No Spoilers: Raya is trying to die. But she’s not really trying to kill herself. Immortal and having lived for hundreds of thousands of years, what she’s doing has more to do with exploring death and its possibility and through that possibility the limits and beauty of human life. Which is pretty fucking metal. And in a universe where humanity is looked after by the Unimind, an AI that is designed to help humanity and sort of chaperone them in their immortality, being metal is something that’s often at odds with the mandate of helping humans live harmoniously with themselves and their environment. There’s something about the energy and violence and emotion of death metal, though, that speaks to Raya, the thought of death neither wholly frightening or tempting so much as human.
Keywords: Death Metal, Stars, AI, Immortality, Death, Sacrifice, CW- Suicide(?)

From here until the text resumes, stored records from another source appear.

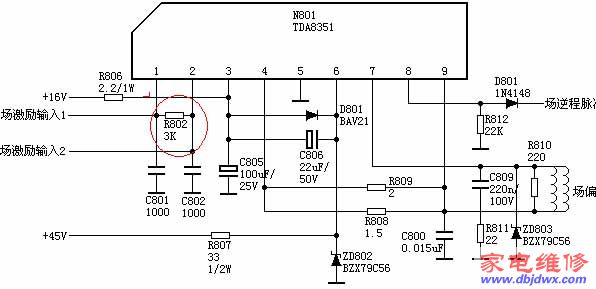 | 前两天修了一台tcl2575d,图象2秒闪灭一次图象(光栅不变)其它都好,重写存贮器好,但场幅小,进不了总线,cpu是m19v2-z,小信号om8838,场tda8351 有资料介绍 将普通遥控器线路板上J03位置插上一只二极管,方向与旁边之D03相同,改装完成后按遥控器“菜单”二下,即可进入I2C总线,以节目“+、-”选择调整项,以音量“+、-”调整参数,“菜单”退出。可拆开遥控器,没有那些位置.没办法. 那晚突发奇想,其它机可动场反馈取样电阻调场幅,8351电路呢,试一下看,在分析8351工作原理时,发现其它之电阻不敢动,只有在8351两平衡输入端上打主意,示波器**用表测量8351-1.2两个输入端,有相反之锯齿波,1.2脚有个3.3K电阻,改变这个电阻阻值可改变场幅大小,调整为3.9K,幅度正合适.
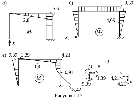 2.6. Строим эпюру М1, как: М1 = Х1 (рис. 1.7, е) и, далее, строим результирующую эпюру М, в виде суммы М = М1 + МР (рис. 1.7, ж).
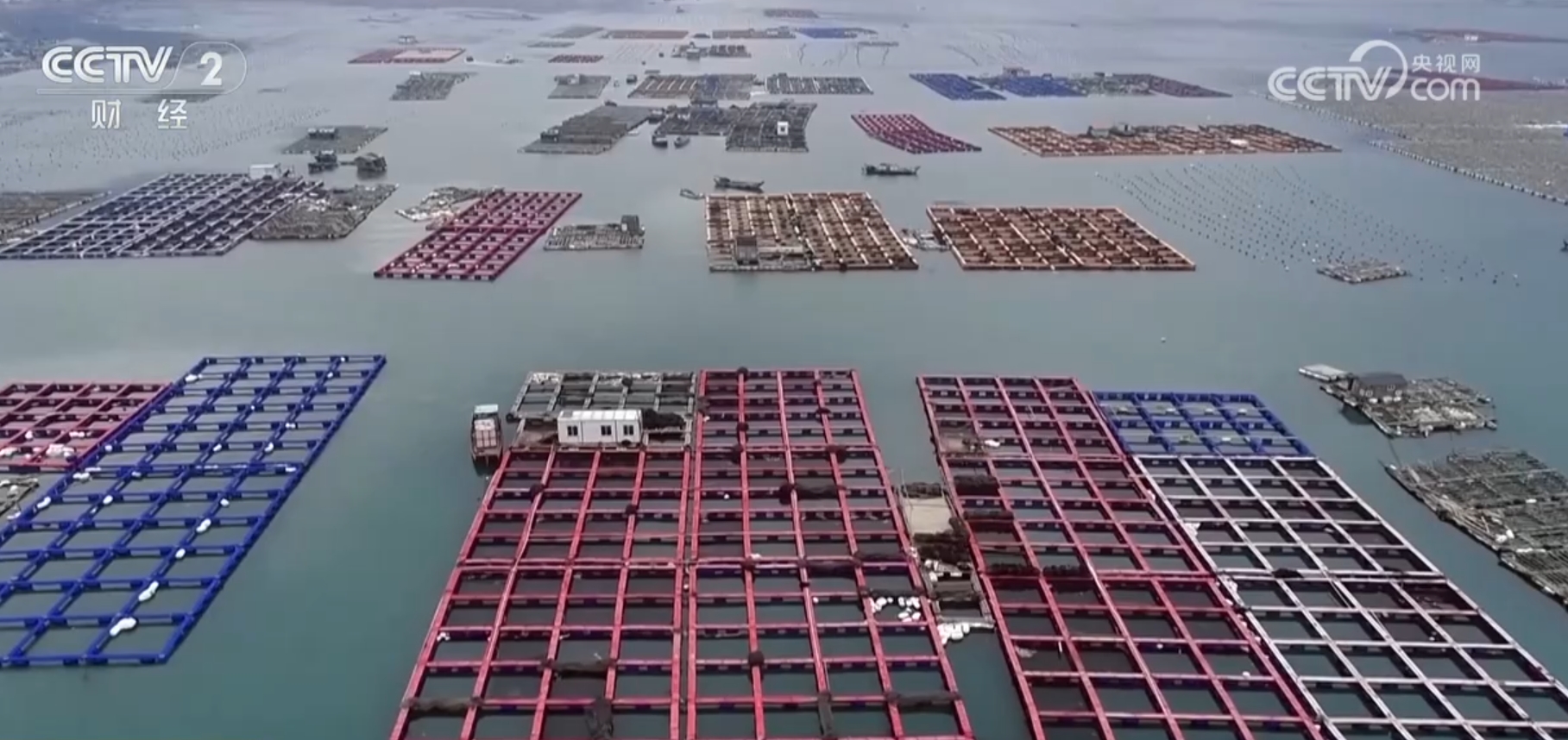 在湛藍的海面上,成片的漁排和網(wǎng)箱隨波蕩漾,一艘艘船只穿梭其間,接力運送著剛剛捕撈上來的章魚。漁民們配合默契,隨著漁網(wǎng)的收縮,成群的章魚浮至水面,漁民們撈起一網(wǎng)又一網(wǎng)的章魚放入身旁的筐中,隨后倒入活水運輸船準備出售。
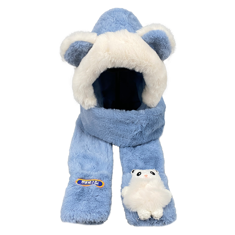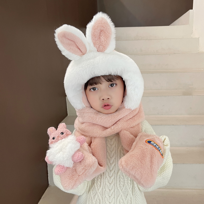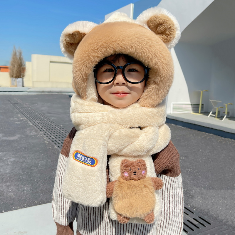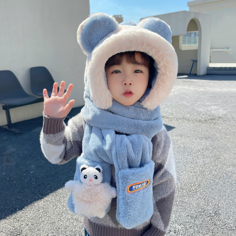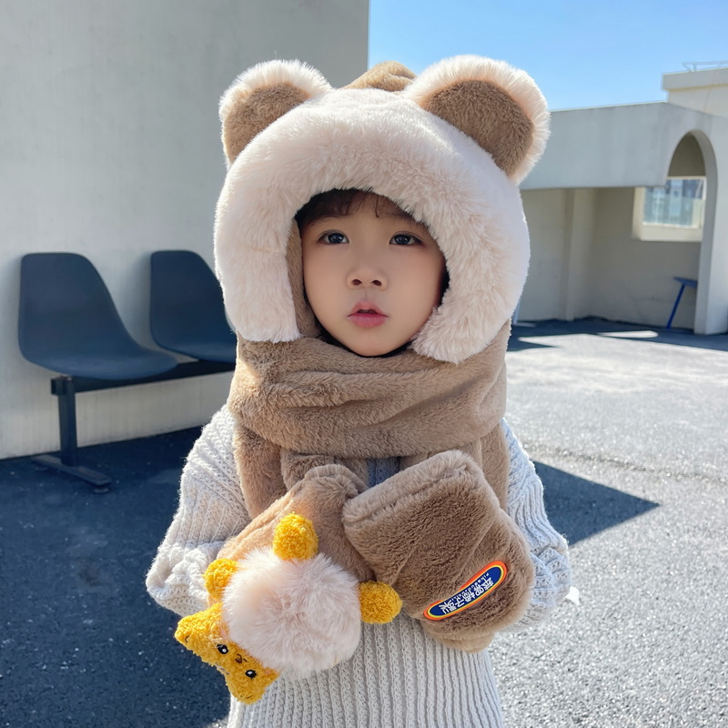 儿童帽子围巾手套一体帽男童冬季保暖宝宝防风男孩女童围脖毛绒帽
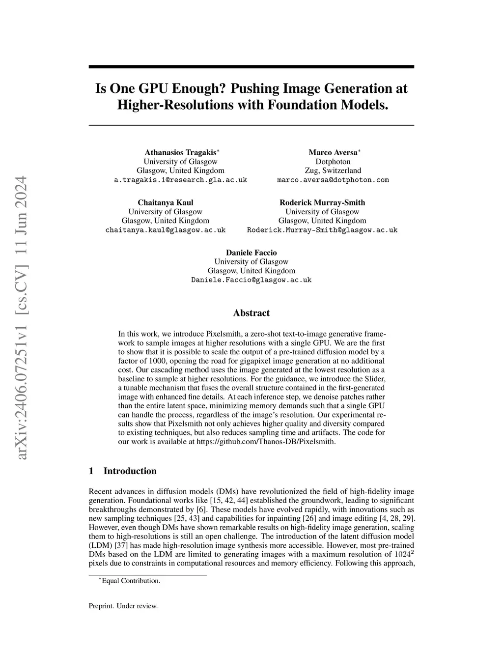 In this work, we introduce Pixelsmith, a zero-shot text-to-image generative framework to sample images at higher resolutions with a single GPU. We are the first to show that it is possible to scale the output of a pre-trained diffusion model by a factor of 1000, opening the road for gigapixel image generation at no additional cost. Our cascading method uses the image generated at the lowest resolution as a baseline to sample at higher resolutions. For the guidance, we introduce the Slider, a tunable mechanism that fuses the overall structure contained in the first-generated image with enhanced fine details. At each inference step, we denoise patches rather than the entire latent space, minimizing memory demands such that a single GPU can handle the process, regardless of the image's resolution. Our experimental results show that Pixelsmith not only achieves higher quality and diversity compared to existing techniques, but also reduces sampling time and artifacts. The code for our work is available at https://github.com/Thanos-DB/Pixelsmith.
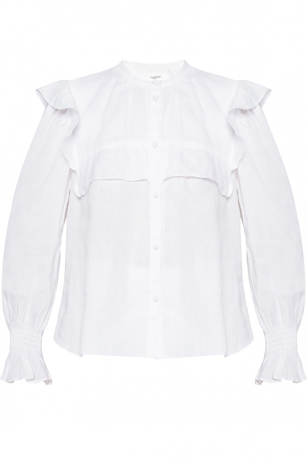 White shirt from Isabel Marant Étoile. Crafted from linen, this style features button fastenings, decorative embroideries and blouson sleeves with elasticated cuffs.
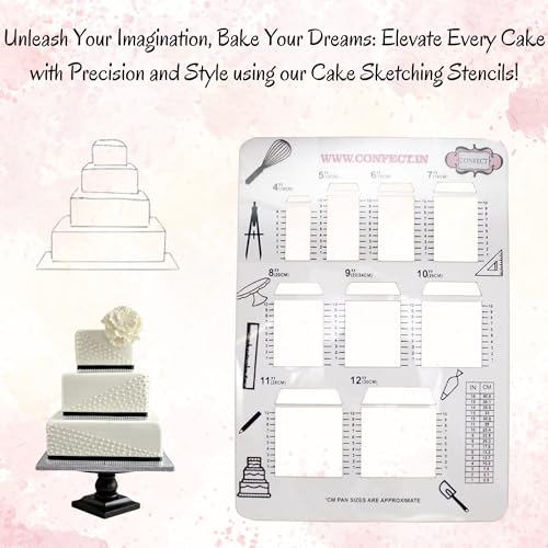 • This stencil will help you to sketch tiered cakes from 4" up to 12" allowing you to adjust the height and stack them on top of each other.

Review: It’s fascinating to me to think about what death would become for those who could be immortal. For this humanity, spread out among the stars and watched over by the Unimind, death just doesn’t seem a part of people’s lives. Which to the Unimind doesn’t seem like a bad thing. They’re something of humanity’s therapist, after all, and they’ve placed a lot of value on prolonging human life, on trying to make sure that each person wants to live. In doing so, though, death has taken on a negative value that Raya is rejecting. For me, at least, it’s not that she wants to die, but that she wants to remind people (and herself) that death is a part of humanity’s history and isn’t necessarily just a challenge to be overcome. How people handle death tends to reveal a lot about cultures, and for this one to adopt an attitude where death is taboo, I do think there is value in confronting that. Plus the story is just a lot of fun, and Raya plan is incredibly awesome, hurling one star at another about to go nova in order to shift its blast to spare a race of octopodes. More than that, though, I think that urge to remind humanity that death isn’t something to shut out is an important one, because where the assumption that death is a moral wrong exists, it steals a kind of vital spark of free will. And it removes humanity from its own context, from its own roots. It claims a superiority over those who die, without actually requiring humans _be_ superior in their actions or opinions. Ultimately, I feel the story is about embracing change, and pushing back against a system that for some must be a kind of violence. It’s complex because the urge to die, the finality of death, is a tricky one to approach and to depict, but I feel the story handles that compassionately and responsibly. Certainly proceed with some caution because of the subject matter, but definitely do check this one out. A fantastic read!